Review: ‘The Program’ by Suzanne Young

This week I had one of those moments where you look at all the books you plan to read and suddenly realize that you just don’t want to read anything that is there. Nothing appeals, even when you read a few pages of each book, just hoping that something will stick.

So I decided to turn to YA for some quick and easy reading that I didn’t have to think too hard about. It was Scribd to the rescue last night with suggestions for some interesting dystopian titles. I ended up choosing The Program because the cover has caught my interest on many occasions at work.

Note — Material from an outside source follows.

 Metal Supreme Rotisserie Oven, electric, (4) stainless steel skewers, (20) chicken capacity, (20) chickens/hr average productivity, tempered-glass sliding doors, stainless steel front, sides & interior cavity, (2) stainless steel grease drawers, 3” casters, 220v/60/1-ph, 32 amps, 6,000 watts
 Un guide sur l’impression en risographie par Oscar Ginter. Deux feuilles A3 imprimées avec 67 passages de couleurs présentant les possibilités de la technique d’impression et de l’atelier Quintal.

Synopsis: The Program is set in a not-so-distant future dystopia where teen suicide is rampant and experts have been called in to try to correct whatever is causing it. The main character, Sloan, recently lost her older brother to suicide and is being watched carefully for signs of depression. The problem is that almost anything could be interpreted as a sign of depression according to The Program. Sloan and her friends struggle daily trying to keep their emotions in check because anything considered unhealthy could get them flagged, and the teens who enter the program always come back changed. Returners have no idea who they were before being sent to The Program, forgetting friends and family in favour of complete contentment.

This book was way darker than I expected it to be, and is definitely for an older teen audience. Sloan and her boyfriend have a very physical relationship, and there is a lot of self-harm and suicide ideation. I’ve read some reviews from people complaining that the author didn’t do enough research about these issues, and that she did a disservice to people suffering from mental health issues by implying that it is contagious, etc. While I would generally agree with these statements, I think it’s important to recognize that there are very real instances where teen suicide has become an epidemic. It is unfortunately fairly common for one suicide to set off a chain reaction in youth on First Nations reserves who are unable to see a future for themselves. (check out The Absolutely True Diary of a Part-time Indian by Sherman Alexie for an amazing novel about this and other issues faced by First Nations people)

This kind of easy read was exactly what I needed. I’m probably going to find another YA book to keep up the momentum, and then maybe I’ll be ready to get back to my book club homework.